Nutrient Comparison: Almond paste VS Boiled European Chestnuts per 5 oz
Compare the macro and micronutrient content in 5 oz of Almond paste versus 5 oz of Boiled European Chestnuts to make informed dietary choices. Explore their nutritional differences and benefits.
Lets compare vitamin content per 5 ounces of Almond paste vs Boiled European Chestnuts:
- 5 ounces of Almond paste have 4 times more Vitamin B2, 1.9 times more Vitamin B3 and 1.9 times more Vitamin B9 than Boiled European Chestnuts.
- While 5 oz of Boiled and Steamed European Chestnuts contain 1.8 times more Vitamin B1, 2.8 times more Vitamin B5, 6.5 times more Vitamin B6 and 267 times more Vitamin C than Almond paste.
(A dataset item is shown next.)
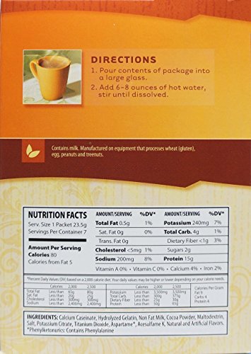 Studio : NutriWise Publisher : NutriWise Binding : Health and Beauty Product Description Very sweet hot chocolate with just a hint of mint flavor. Each Nutriwise Hot Chocolate drink is a smooth and delicious source of 15 grams of high quality protein, low in fat, low in carbohydrates and only 80 calories. Nutriwise hot chocolate drinks are designed for any healthy diet or weight loss plan. 0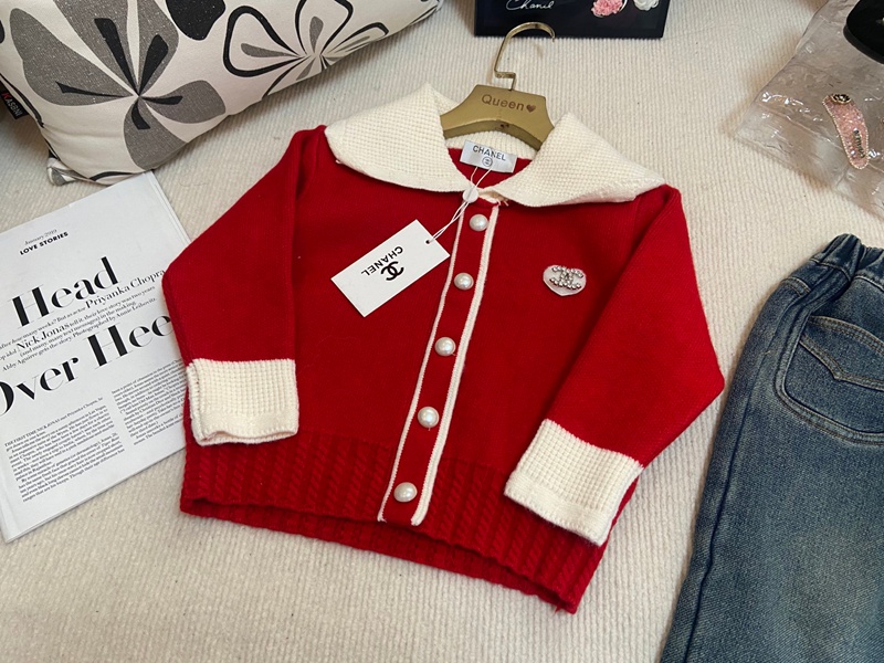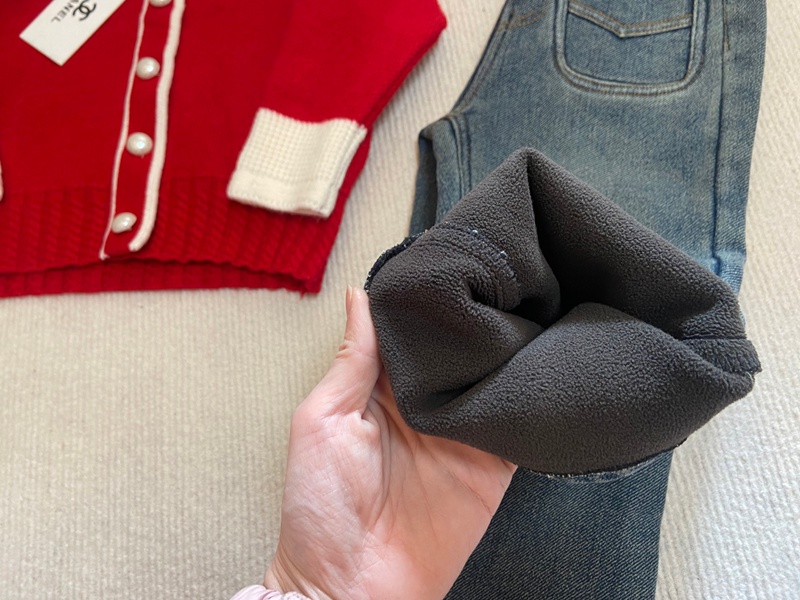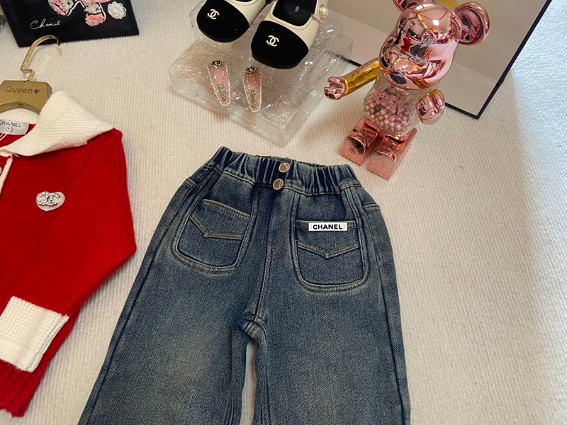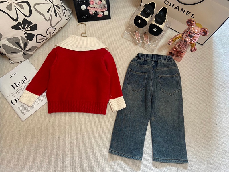 Chanel シャネルブランド子供服 女の子 セーターコート デニムパンツ 上下2点セット ガールズ長袖ニット デニムズボン(裏起毛) キッズ コート トップス ジーンズ ワイドパンツ ゆったり ハイウエスト 着痩せ 90¬140cm

- 5 ounces of Almond paste have insufficient amounts of Vitamin C
- Both Almond paste as well as Boiled and Steamed European Chestnuts have insufficient amounts of Vitamin A, Vitamin B12 and Vitamin D in five ounces.
Comparing minerals per 5 ounces for Almond paste vs Boiled European Chestnuts:
- 5 ounces of Almond paste have 3.7 times more Calcium, 2.4 times more Magnesium, 2.6 times more Phosphorus and 5.9 times more Zinc than Boiled European Chestnuts.
- While 5 oz of Boiled and Steamed European Chestnuts contain 2.3 times more Potassium than Almond paste.
- Both Almond paste and Boiled European Chestnuts contain similar levels of Copper, Iron and Manganese per five ounces.
Comparison of macro-nutrients per 5 ounces:
- 5 ounces of Almond paste have 3.5 times more Energy, 20.1 times more Fat, 10.1 times more Saturated Fat, 3.4 times more Omega 3, 11.4 times more Omega 6, 1.7 times more Carbohydrate and 4.5 times more Protein than Boiled European Chestnuts.